Historique :
L'église est placée sous le vocable de Saint Didier et date du XIe. L’Abbesse de Saint-André-le-haut de Vienne est nommée à la cure jusqu’au XVIIe. Le droit de collation passe, ensuite, au chapitre de Bourg-en-Bresse. L’histoire de l’édifice est facile à connaitre en raison des nombreuses visites pastorales dont il fait l’objet en 1656 et au XVIIIe, grâce aussi aux archives du XIXe.
Il n’est pas inutile d’insister sur sa grande importance pour les gens du Moyen-âge : lieu de culte bien évidemment, mais aussi seul lieu de rencontre abrité pour la communauté villageoise de l’époque.
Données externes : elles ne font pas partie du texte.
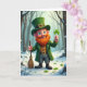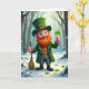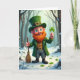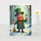 Cette carte de vœux représente un lutin joyeux debout dans une forêt recouverte de neige, ses yeux verts brillants et ses joues roses mis en valeur par une barbe orange flamboyante. Il porte un manteau émeraude et un haut-de-forme assorti avec de légers motifs de style celtique, ainsi qu'une boucle dorée qui accroche la lumière douce. Dans une main, il tient un trèfle à trois feuilles ☘️ comme s'il l'offrait à quelqu'un juste à l'extérieur de la scène, et dans l'autre, il saisit un petit balai rustique comme s'il venait de dégager un chemin pour un ami. Derrière lui, des arbres nus se fondent dans des bleus et des blancs pâles, avec une légère brume ou chute de neige suspendue dans l'air. De petits trèfles verts 💚 pointent à travers la neige autour de ses bottes noires robustes, ajoutant un contraste doux au sol hivernal. Le texte de vœux se trouve près du haut en lettres vertes, avec

Lors de sa visite du 12 septembre 1656, l’archevêque de Lyon note quelques insuffisances : « Le grand autel n’a aucune marque de consécration et il n’y a point d’autelet. Les saints fonds ne sont pas mal si ce n’est qu’il n’y a point de piscine.... Contre la muraille qui soutient l’arcade du cœur, il y a de chaque costé un autel ; l’un du costé de l’évangile est à M. Rivet de St-Jean-des-Adventures ( Saint-Jean-sur-Veyle) dédié à St Jean-Baptiste....et l’autre est dédié à Notre-Dame de Pitié, sans fondation....Depuis peu, le clocher et le chœur ont été réparés ; néanmoins le pavé du chœur est gasté en plusieurs lieux et le toit de la nef découvert en sorte qu’il pleut par plusieurs endroits et il est pareillement gasté ».
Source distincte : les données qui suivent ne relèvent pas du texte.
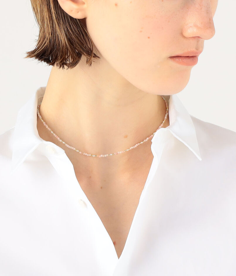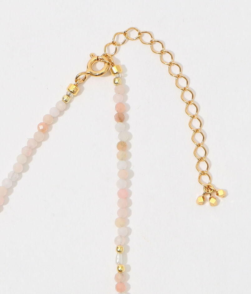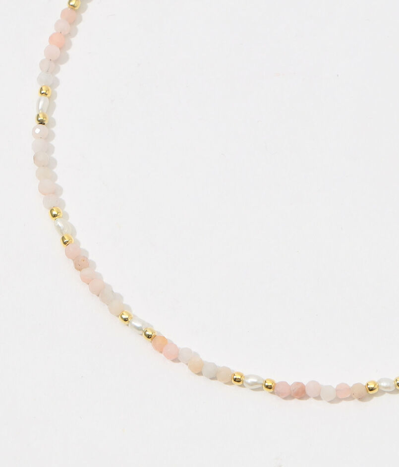 華奢なネックレ スは、女性の美意識を高めて内面の魅力を引き出してくれるといわれる、可憐な色合いが美しいピンクオパールと品のある光沢のパールが織りなす優美な魅力あふれる一品です。

Au XIXe, l’église est jugée trop petite, la population dépassant les 1000 habitants. Elle est donc agrandie à partir d’un projet initial, établi en 1849, par M. ROCHE, architecte à Mâcon de la façon suivante : avec deux collatéraux formés à partir des chapelles prolongées et séparés dans toute la longueur de la nef par quatre arcades remplaçant les anciens murs, une voûte d’arêtes en briques et plâtre pour remplacer le plafond de la nef, des contreforts extérieurs et enfin, une sacristie agrandie par un prolongement à l’est d’un peu plus de deux mètres.
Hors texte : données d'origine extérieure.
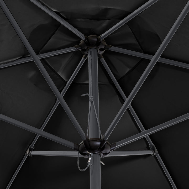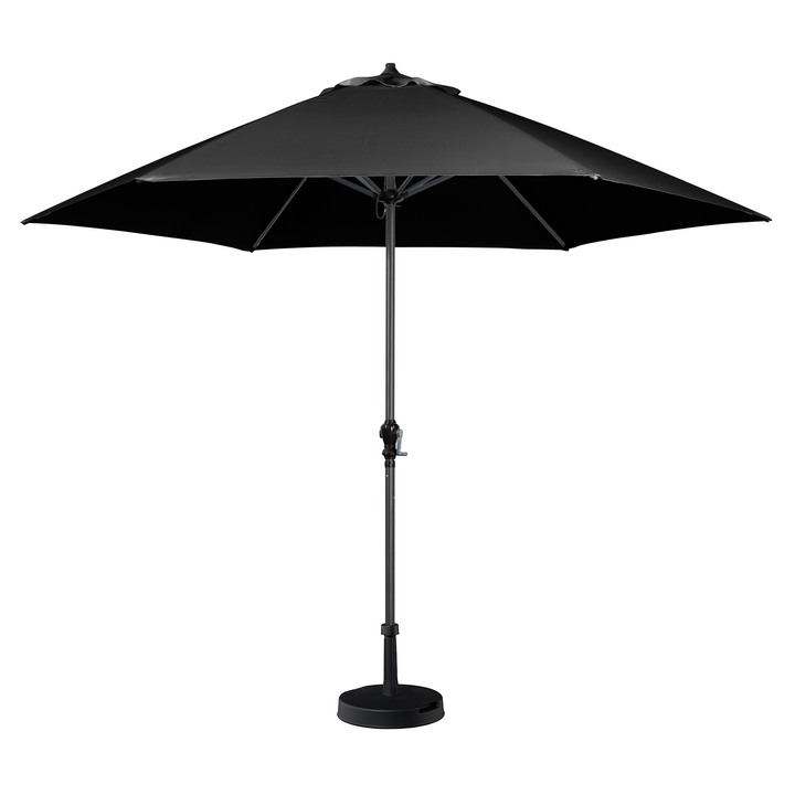 The Triton 2.5m Aluminium Parasol in Black, operated by a crank handle system that can be used with either a Dining Table or as a free standing parasol.

De l’ancienne église, il ne reste que l’abside, le chœur, une partie de la sacristie et les deux chapelles.
Les travaux sont adjugés le 20 avril 1850 à M. Claude RAPHANEL et le décompte des travaux effectués, en date du 10 mars 1853, fait apparaitre un montant de 10561,77 F. La majeure partie de la dépense est financée par le Conseil de Fabrique (conseil paroissial de l’époque), la commune n’ayant versé qu’une faible participation. Dans ce conseil de Fabrique, il y a le desservant de la paroisse qui est, en fait, le financier de l’opération. « M. JOUVENT, curé de la commune, se charge de l’agrandissement de l’église moyennant une rente annuelle de cent francs payée par la Fabrique pendant sa vie durant... » note-t-on dans les délibérations du conseil municipal du 5 août 1849.
Une statue de la Vierge, en pierre blanche, couronne la façade de l’église, suite à la mission de 1855.
AU XX et XXIe, d’autres travaux suivent :
En 1927-1928, le modeste clocher est enlevé et l’actuel est construit plus haut et plus élancé que l’ancien. Le beffroi en place est remarquable par son architecture de poutres et poulies en chêne.
Le beffroi de l’église soutient quatre cloches :
- Cloche 1 fondue en 1807 diamètre 970 mm poids 953 kg
- Cloche 2 fondue en 1890 diamètre 845 mm poids 350 kg
- Cloche 3 fondue en 1890 diamètre 670 mm poids 175 kg
- Cloche 4 fondue en 1890 diamètre 505 mm poids 75 kg
En 1967 a lieu l’électrification des cloches.
En 1978, la très belle abside qui présente des risques d’effondrement, est consolidée par la mise en place de deux chainages en béton, de la consolidation des fondations coté route, de la réfection de la toiture en lauzes et du rejointement des fissures. Le montant des opérations s’élève à environ 200 000 F, la commune bénéficiant d’une subvention de 30% du Conseil Général.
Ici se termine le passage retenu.